The horses seemed to be in good shape, well-rested and well-fed, and were willing enough to be loaded up and mounted. Nikol did a final sweep of the building – someone might be able to tell the place had been occupied, if they looked closely, but they’d shoveled dirt over the coals and put most everything else back where they’d found it.
“You’re really worried, aren’t you?” Aran was eyeing her sidelong. “I thought it was just, let’s get out of here, that sort of thing, but you’re really worried someone is going to come after you.”
“Us.” She rubbed her arms and looked off over the destroyed neighborhood. “Yeah. Yeah. I was fine fighting for money until, well. Until I saw what the Mountain did. Then I tried to turn in my banner and leave. Merc, you know. You fight when you want to. But they wouldn’t let me. So running, well. It’s the best option, but I still don’t really believe it will work.”
“Wouldn’t let you leave? What, they tie you down?”
“Threats. Threats and, uh, a geas, to fight as long as the war went on. I have never been so happy to see the end of a battle.”
“Maybe they’re done with you?”
“They feed their prisoners to their -” She bit her lip and twitched. “Their thing. They feed their prisoners to it. I stole one of their prisoners. You. You see why I’m worried.”
“You could’ve just killed me, you know.” He rolled his shoulders and looked away from her. “It might have been kinder, if you think we’re going to get caught.”
“I gave you the choice,” she countered. “You chose not to die.”
“So we’re just going to, what, keep running?”
“No.” She shook her head. “No. We’re going to keep running until I stop feeling a prickle at the back of my neck and we’ve found a good place to settle. And then we’ll stop running.”
“And, what, farm? You’re a mercenary. I’m a soldier. We’re not really swords-into-plowshares sorts of people. We’re warriors.”
She let that hang in the air for a few moments as they rode. Finally, as they rounded a corner into an area that was all farmland, fields plowed by hand or by horse or by wood-burning-tractor, she shook her head. “You know that about me, when you hardly know my name?”
“Your name is Nikol. I don’t know what Name your Mentor gave you, but I know what you fight like. And you fight like someone who is a warrior by choice.”
“You don’t know much about me,” she repeated. “Hsst, hoofbeats.”
He reached for a weapon he didn’t have and shifted in his saddle. She set her hand on her smaller knife but didn’t pull it yet. Their horses plodded slowly ahead, content to walk when they weren’t being prodded.
A cart came into sight. She did her best to look relaxed, although she knew she was failing. She should have changed into something that looked less military. She should have found something that looked less military.

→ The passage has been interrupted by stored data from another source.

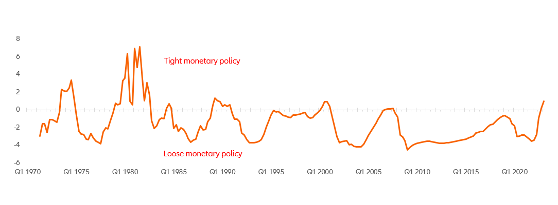 Exhibits 1 and 2 illustrate the link between financial conditions and financial crises over the past half century. The line in Exhibit 1 shows the difference between the real US Federal Reserve (Fed) funds target rate relative to our estimate of the so-called neutral rate – ie, the interest rate at which the economy is growing at the trend growth rate and inflation is stable.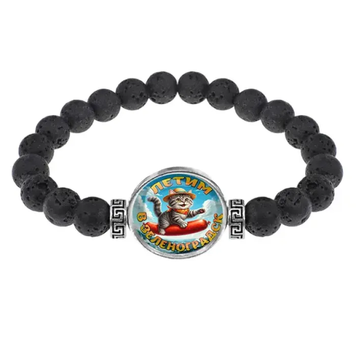 Стрейч-браслет из натуральной лавы с бусиной диаметром 8 мм, содержащей изображение под выпуклой стеклянной линзой.
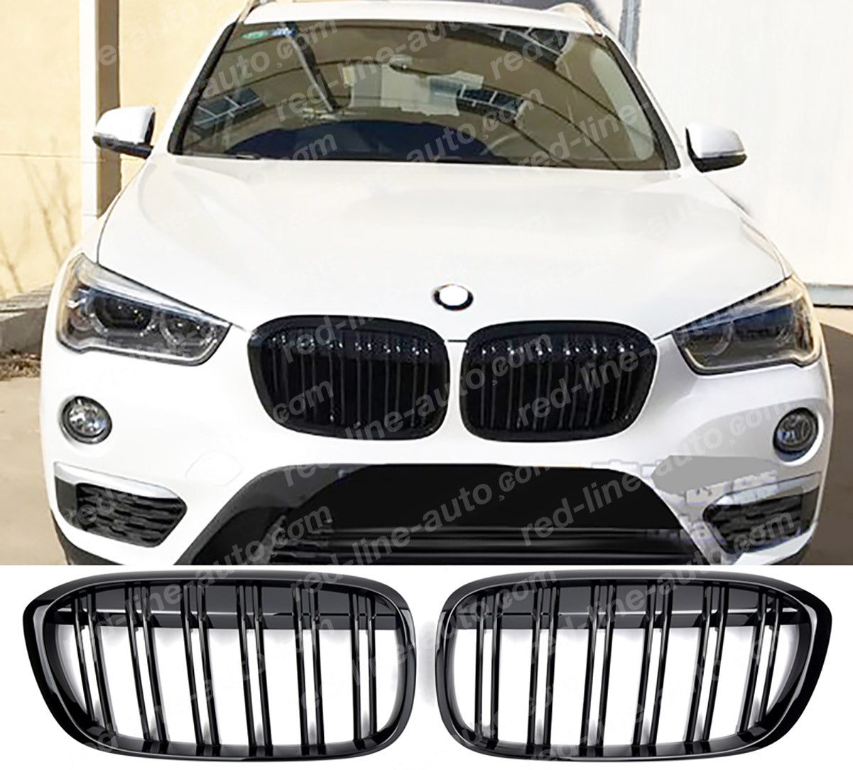 Pre-Facelift BMW X1 F48 SUV M-Performance Front Grille, Full Gloss Black Double-bar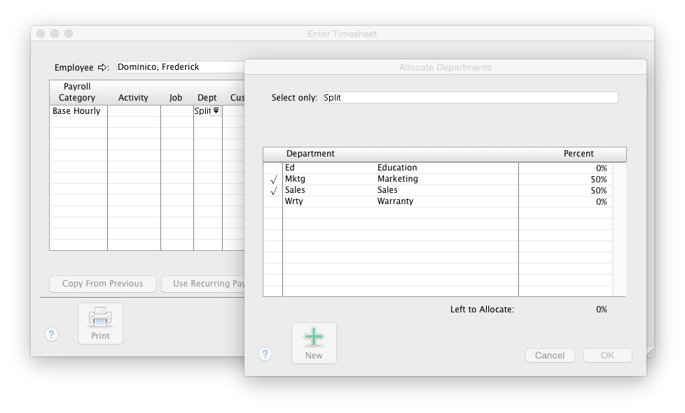 Enter all necessary information and click in the Dept column. The Allocate Departments window appears.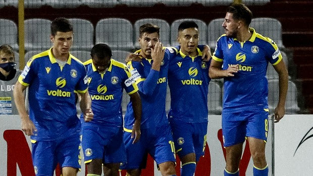 Οι παίκτες του Αστέρα πανηγυρίζουν γκολ απέναντι στην ΑΕΛ Eurokinissi Sports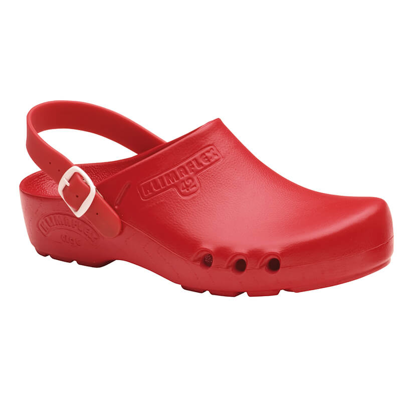 Das rutschhemmende, wie eine Bärentatze geformte, besonders griffige Sohlenprofil sorgt für guten und sicheren Stand auch bei rutschigen Böden im OP oder auf der Station. Stösse werden durch die Schockabsorption gemildert. Der Klimaflex Classic ist besonders bequem, denn die Füsse werden durch das anatomisch geformte Fussbett und die optimale Absatzhöhe entlastet. Dieser OP-Clog stützt, wo der Fuss besonders beansprucht wird und hält, wo der Fuss Halt braucht.Produktdetails des Klimaflex Classic mit Seitenbelüftung und Fersenriemen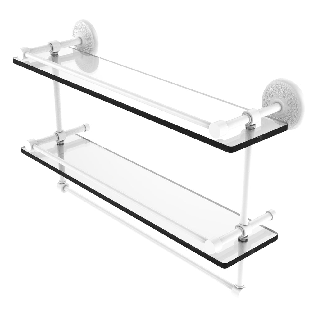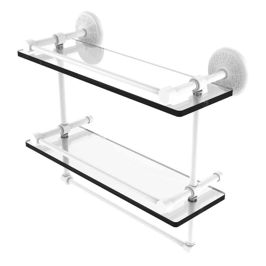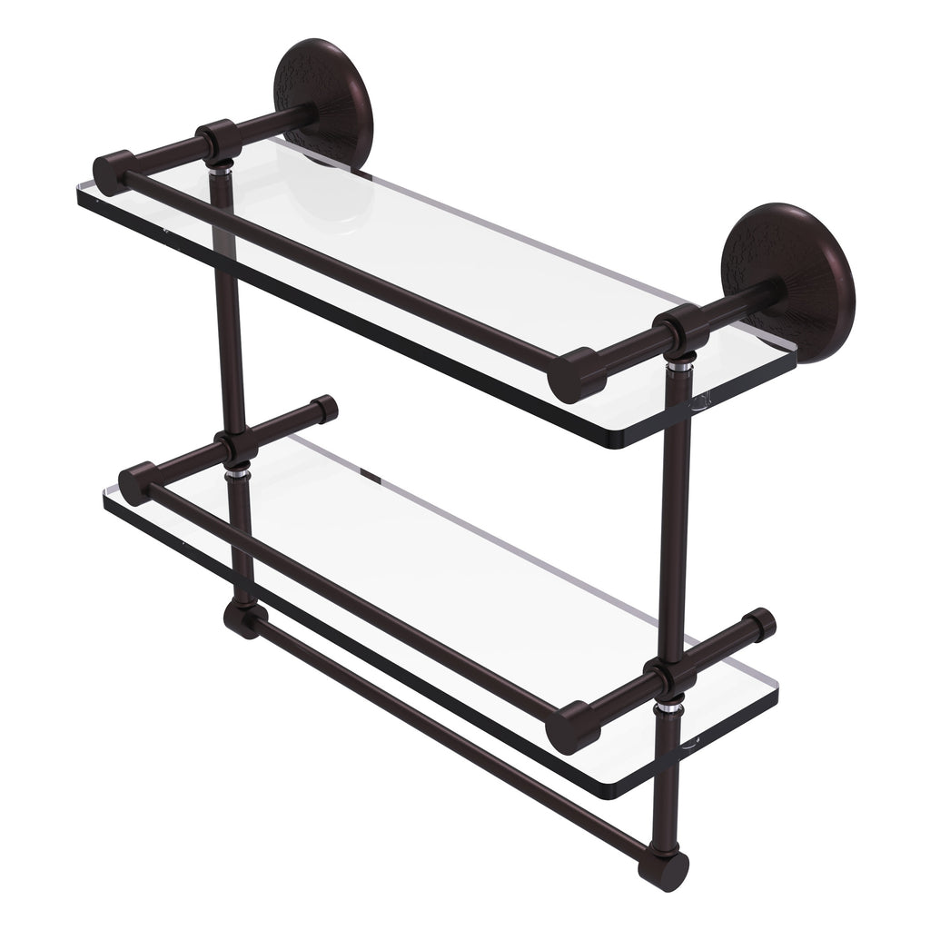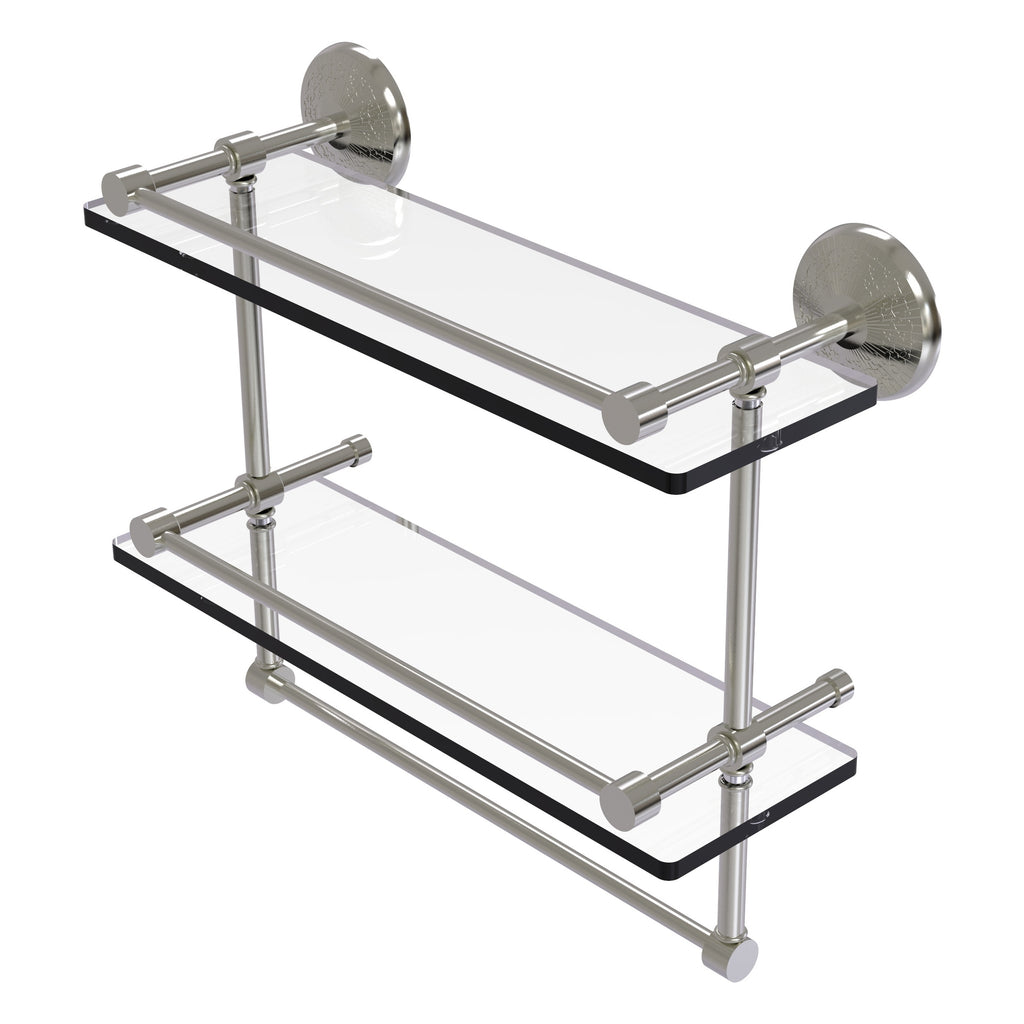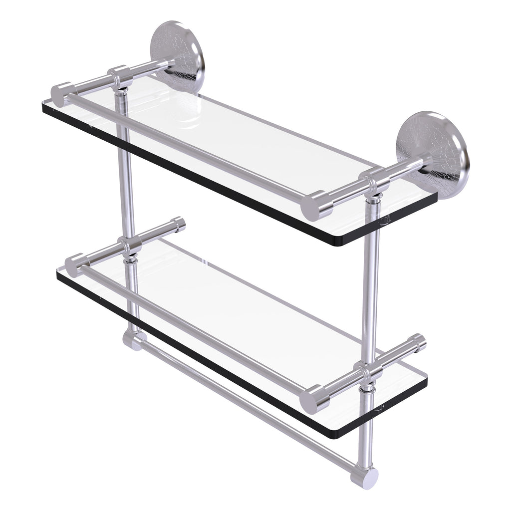 Add a flare of style to your décor with this decorative glass shelf. Shelf can be used anywhere in the home for a great space to store your products. Gallery rail will keep your items secure while the integrated towel bar provides a creative space for your towels. Tempered glass is 3/8 Inches thick and all of the hardware is made of solid brass and finished with the highest quality materials to provide a lifetime of beauty.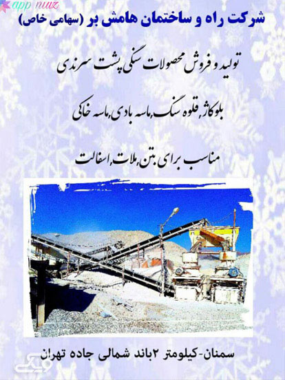 این شرکت بزرگ تولیدکننده ی مصالح سنگی پشت سرندی، بلوکاژ، قلوه سنگ، ماسه بادی و ماسه خاکی مناسب برای بتن، ملات و آسفالت است.
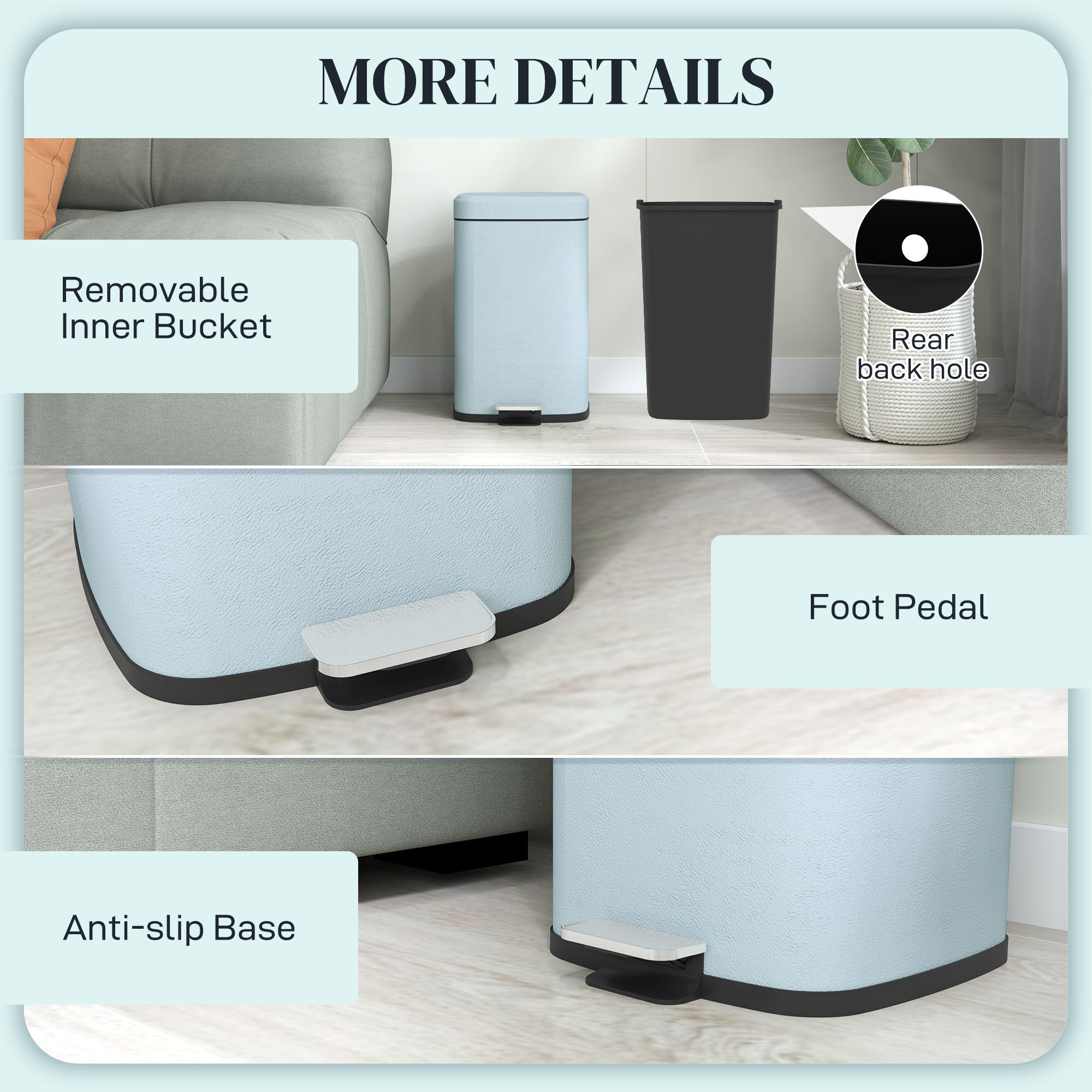 - Removable bucket design, with a hole to fix bin bag for easy cleaning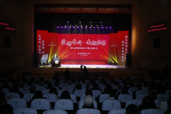 校党委书记郑永安在讲话中指出,“爱国奋斗·南航担当”校友总师思政公开课是我校学习贯彻习近平新时代中国特色社会主义思想,落实全国教育大会精神的重要举措。此次思政公开课将国家战略性产业领军人物、重大型号的校友总师请回母校,为师生讲述“国之重器”的科学原理、核心技术、未来发展,以及为国铸重器的艰苦历程,将进一步激励南航师生把个人理想自觉融入国家的发展伟业。

The farmer and his son – she assumed – nodded politely, tipped their straw hats at Nikol and Aran, and seemed to contain their suspicion to a couple glances at the clearly-fighter sorts riding through their placid farmland.
It’s only placid because people like him and I fight somewhere else, she wanted to tell him. But she didn’t have a moral leg to stand on in that argument, and she wasn’t sure Aran did, either.
So they kept riding. The sun rose to its zenith – they were riding through farmland and little walled communities, the sort of places that wouldn’t want them nearby. It sank lower towards the horizon.
Nobody was coming after them.
They were coming on the ruins of a city. That wasn’t the sort of place she really wanted to camp out. But they weren’t going to get around it by the time the sun set. She glanced over at Aran.
“We could head back to that little stand of houses,” he offered doubtfully. “The one with the flower boxes? They seemed – all right, they seemed scared of us,” he allowed. “But they’d probably let us sleep there.”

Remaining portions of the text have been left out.